Solutions will be posted, and we may go over some of them in class. Depending on demand/availability, Saif may go over some of them during a problem session/office hours.

Exercises should not consume huge amounts of your time, but working through problems is the best way to master the material. The exercises are meant to keep you engaged with the material in a regular way that assignments aren’t typically able to do. Your attempts at the exercises will be marked on a binary scale that aims to capture effort/engagement: 0 = no or hardly any attempt, or wildly off the mark conceptually; 1 = good attempt, at the very least on the right track conceptually. If you try and get stuck, explain where you got stuck and what you (think you) would need to know in order to get unstuck (this may get you a 1).

Your solutions don’t need to be LaTeXed (though it would be better if they were). Your solutions can be submitted at any time before the final exam, uploaded as a PDF via Canvas. Please upload your work throughout the term. (It may be the case that the solution to an exercise is made available on the course website before you attempt the problem. Additionally, the solutions to many of the exercises can be found online. You will benefit far more from attempting to do the problem without consulting the solution.)

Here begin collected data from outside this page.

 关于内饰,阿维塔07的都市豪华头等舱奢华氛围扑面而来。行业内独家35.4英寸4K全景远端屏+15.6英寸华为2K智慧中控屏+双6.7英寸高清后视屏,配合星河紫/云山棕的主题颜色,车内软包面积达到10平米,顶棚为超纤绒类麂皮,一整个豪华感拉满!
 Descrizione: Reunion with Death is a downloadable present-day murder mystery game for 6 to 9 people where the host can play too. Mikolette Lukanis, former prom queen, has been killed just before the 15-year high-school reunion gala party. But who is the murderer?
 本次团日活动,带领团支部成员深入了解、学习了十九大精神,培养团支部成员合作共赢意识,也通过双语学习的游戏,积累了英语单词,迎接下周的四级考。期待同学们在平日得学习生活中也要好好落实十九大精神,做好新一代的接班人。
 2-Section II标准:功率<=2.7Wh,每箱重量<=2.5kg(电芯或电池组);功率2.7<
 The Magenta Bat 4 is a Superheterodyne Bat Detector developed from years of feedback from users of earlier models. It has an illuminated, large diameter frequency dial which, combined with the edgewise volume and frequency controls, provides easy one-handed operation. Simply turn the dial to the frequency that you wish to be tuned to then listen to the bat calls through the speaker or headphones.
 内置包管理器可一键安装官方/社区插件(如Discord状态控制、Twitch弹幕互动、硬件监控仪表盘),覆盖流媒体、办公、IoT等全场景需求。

Cumulative points as a percentage of total possible points will determine the contribution to the overall grade. If you get at least 50% of the possible points for exercises, it will be treated as 100%, and decrease from there:

Percentage of possible points Score on Exercises portion of overall grade
>= 50 100
45 90
40 80
35 70
30 60
25 50
20 40
15 30
10 20
5 10
< 5 0

Participation

Participation will be assessed through in-class participation, attendance at office hours, and regular submission of learning logs.

Learning logs

Often, we don’t take the time for self-reflection during a course. This amounts to wandering through a forest without keeping track of where you’ve been and where you’re going. (Which can be nice, but can be harmful when trying to learn.) Especially when trying to learn conceptually/technically challenging material, I have found it helpful to step back to assess my understanding (or lack thereof).

To this end, I am experimenting with something new: learning logs. At the end of each week, you will upload to Canvas a plain-text file in which you reflect on your efforts, progress, and challenges over the week. These are a way to keep track of your learning and to keep in touch with me throughout the course. Grading will be binary (0 = no submission; 1 = submission) and count towards the Participation portion of your final grade. Feel free to discuss with classmates in order to get started.

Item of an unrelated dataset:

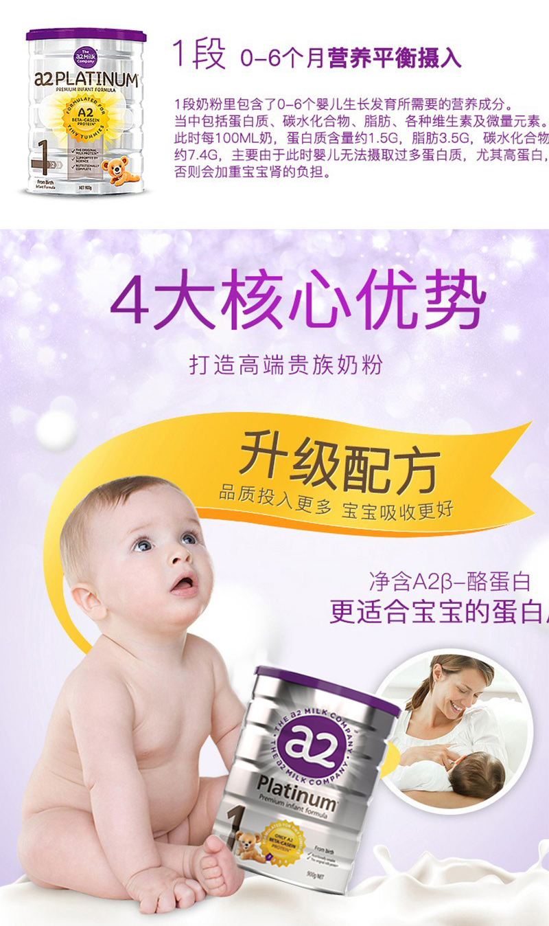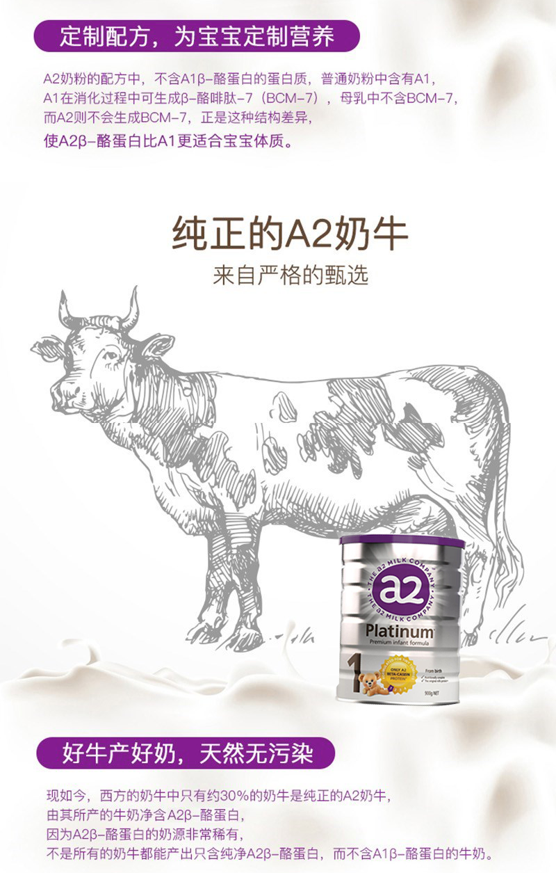 【澳洲仓仓】【1罐包邮】A2婴儿奶粉白金系列牛奶粉 1段

If you’re putting in the work, it will be clear here. If you’re struggling with something, writing that out can help clarify where you’re stuck and what steps you need to take. If you feel like you understand something, trying to distill it into simple prose often reveals a gap in understanding.

Some prompts (these are just to get you thinking; feel free to use your own):

Assignments

There will be four assignments, roughly scheduled as: out on a Monday, due in two weeks. Solutions must be LaTeXed (I will post a template for you to use), submitted as a PDF via Canvas before class on the due date.

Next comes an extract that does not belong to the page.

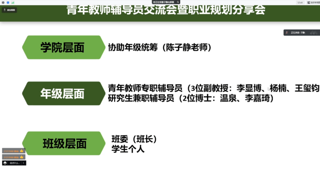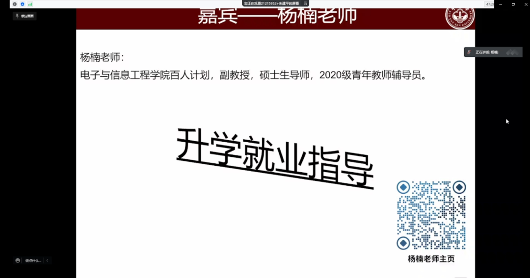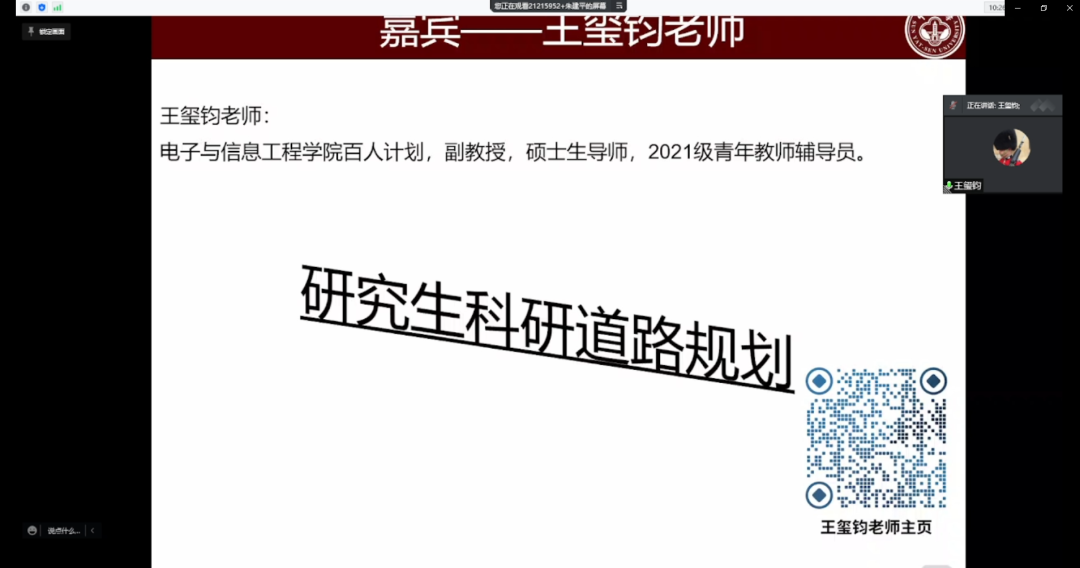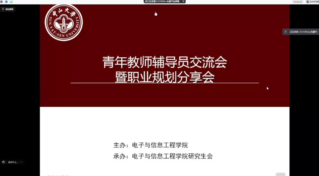 电子与信息工程学院贯彻落实立德树人根本任务,积极响应学校号召,全面推进落实青年教师专职辅导员工作机制,选优配齐建强学生工作队伍,充分发挥出“用最优秀的人培养更优秀的人”的育人效果。为进一步促进师生交流互动,增强青年教师专职辅导员的思想引领、价值引领、学术引领作用,更好地为同学们提供切实有效的服务支持,2021年12月31日,电子与信息工程学院特别通过线上形式举办“青年教师辅导员交流会暨职业规划分享会”活动。本次活动由学院研究生会具体承办,2021级青年教师专职辅导员王玺钧副教授、2020级青年教师专职辅导员杨楠副教授,团委书记陈子静老师以及来自华为公司的孙利滨博士四位嘉宾参与分享交流,活动由朱建平同学主持,共吸引到160多名师生线上参与。

These will be challenging, with the objective of building and deepening your understanding/mastery. You will (most likely) learn something new—not covered in lecture—in the course of doing the assignment.

Typically, there will be some required questions, along with a bonus question or two—these are optional, but making a good attempt at the bonus questions will go a long way toward mastery of the concepts and methods.

I encourage you to discuss assignment problems with your classmates. Solutions must be written up independently. Additionally, please state who and/or what materials you consulted while working on the assignment.

Final exam

There will be an in-class written exam: “What I have learned in this course.” (I will provide more details later in the term.) This will count for 10% of your final grade.

The final 30% of your grade will come from a final project. It may include updating a classic paper, writing a technical report on a topic we don’t cover in class, or proposing/starting a research project. We will talk more about this in the coming weeks.